Below are entries to be transcribed exactly; exclude the pictures from the copy.

Stored items from a collection:
-------------------------

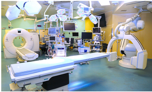
Figure 1 Guided therapeutics (GTx) operation room in Toronto General Hospital. (I) The largest hybrid operating room in Canada; (II) first facility in the world that has a dual source-dual energy computed tomography (CT) scanner (SOMATOM Definition flash, Siemens) and a state-of-the-art robotic cone-beam CT (CBCT)/ fluoroscopy (Artis Zeego, Siemens), within the same OR; (III) equipped with image-based surgical navigation technologies (X-ray and optical navigation; visualization). OR, operating room.

(CT) screening, surgeons are still faced with the difficulties of localization of a small, non-visible, non-palpable pulmonary nodule during video-assisted thoracoscopic surgery (VATS), and robotic-assisted thoracoscopic surgery (RATS). The primary focus of the GTx surgery program is the development of real-time three-dimensional (3D) imaging, and real-time image guided therapy combined with a navigation system, allowing unique therapeutics delivery.
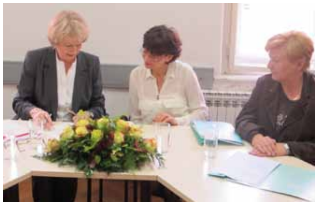
Signing of the agreement

The aim of this initiative is the establishment of cooperation model of the institutions involved in the development of higher education in South Eastern Europe, with the task of encouraging and improving the quality of tertiary education, creating a network of institutions and individuals involved in this type of research, the establishment of a database, as well as professional and consulting activities related to the adoption of educational policies and their implementation.
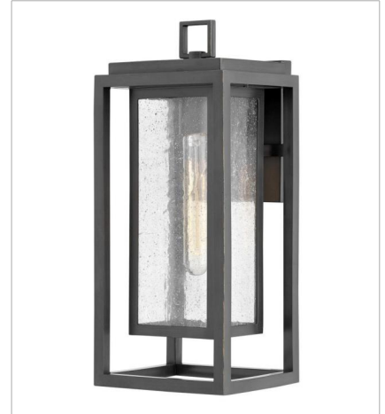
1004OZ MEDIUM WALL MOUNT LANTERN 7" W, 16" H Socketed 1-12w Med. LED, 100w Equiv.
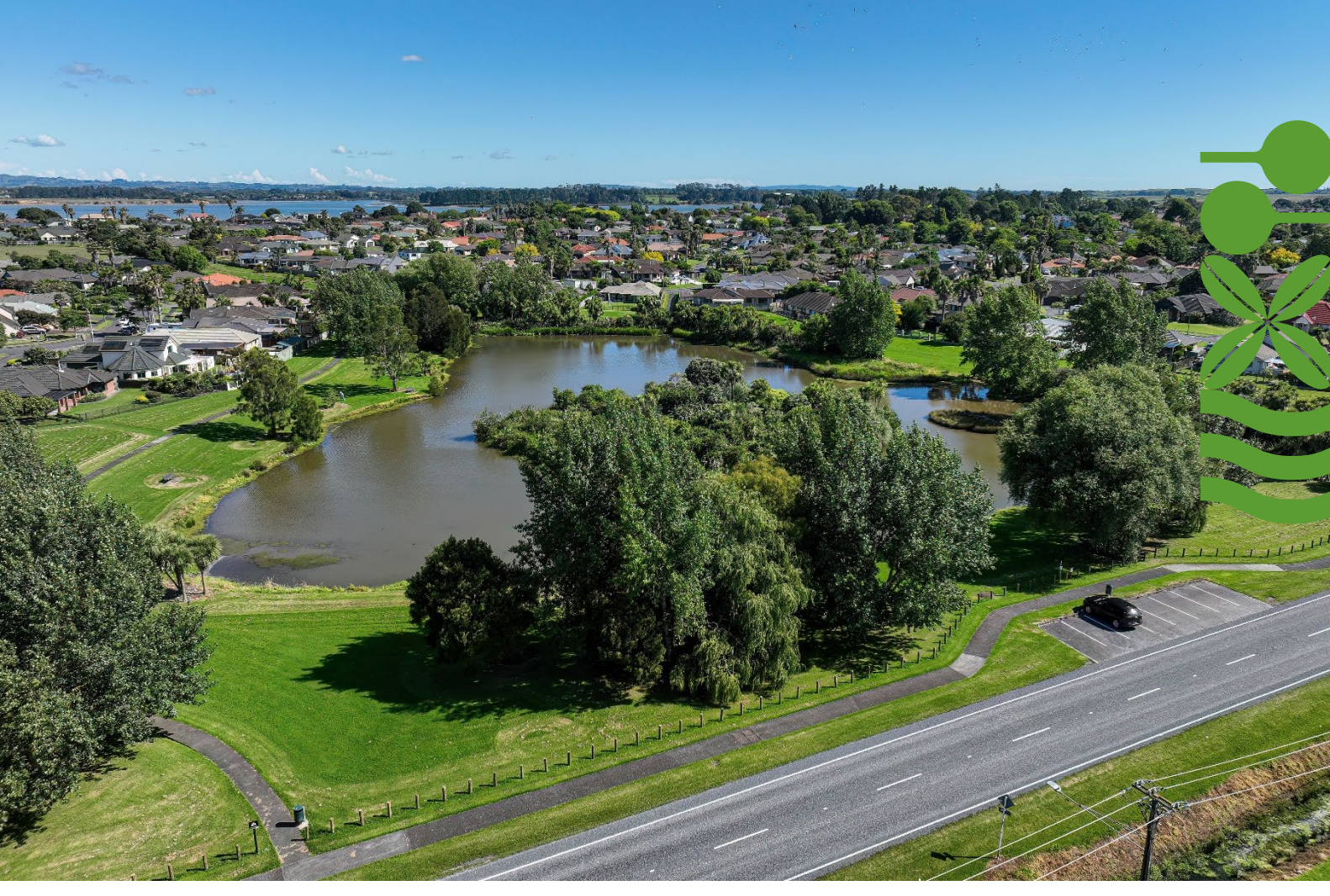
Wattle Downs ponds

-------------------------

Finished exercise:
Figure 1 Guided therapeutics (GTx) operation room in Toronto General Hospital. (I) The largest hybrid operating room in Canada; (II) first facility in the world that has a dual source-dual energy computed tomography (CT) scanner (SOMATOM Definition flash, Siemens) and a state-of-the-art robotic cone-beam CT (CBCT)/ fluoroscopy (Artis Zeego, Siemens), within the same OR; (III) equipped with image-based surgical navigation technologies (X-ray and optical navigation; visualization). OR, operating room.

(CT) screening, surgeons are still faced with the difficulties of localization of a small, non-visible, non-palpable pulmonary nodule during video-assisted thoracoscopic surgery (VATS), and robotic-assisted thoracoscopic surgery (RATS). The primary focus of the GTx surgery program is the development of real-time three-dimensional (3D) imaging, and real-time image guided therapy combined with a navigation system, allowing unique therapeutics delivery.
Signing of the agreement

The aim of this initiative is the establishment of cooperation model of the institutions involved in the development of higher education in South Eastern Europe, with the task of encouraging and improving the quality of tertiary education, creating a network of institutions and individuals involved in this type of research, the establishment of a database, as well as professional and consulting activities related to the adoption of educational policies and their implementation.
1004OZ MEDIUM WALL MOUNT LANTERN 7" W, 16" H Socketed 1-12w Med. LED, 100w Equiv.
Wattle Downs ponds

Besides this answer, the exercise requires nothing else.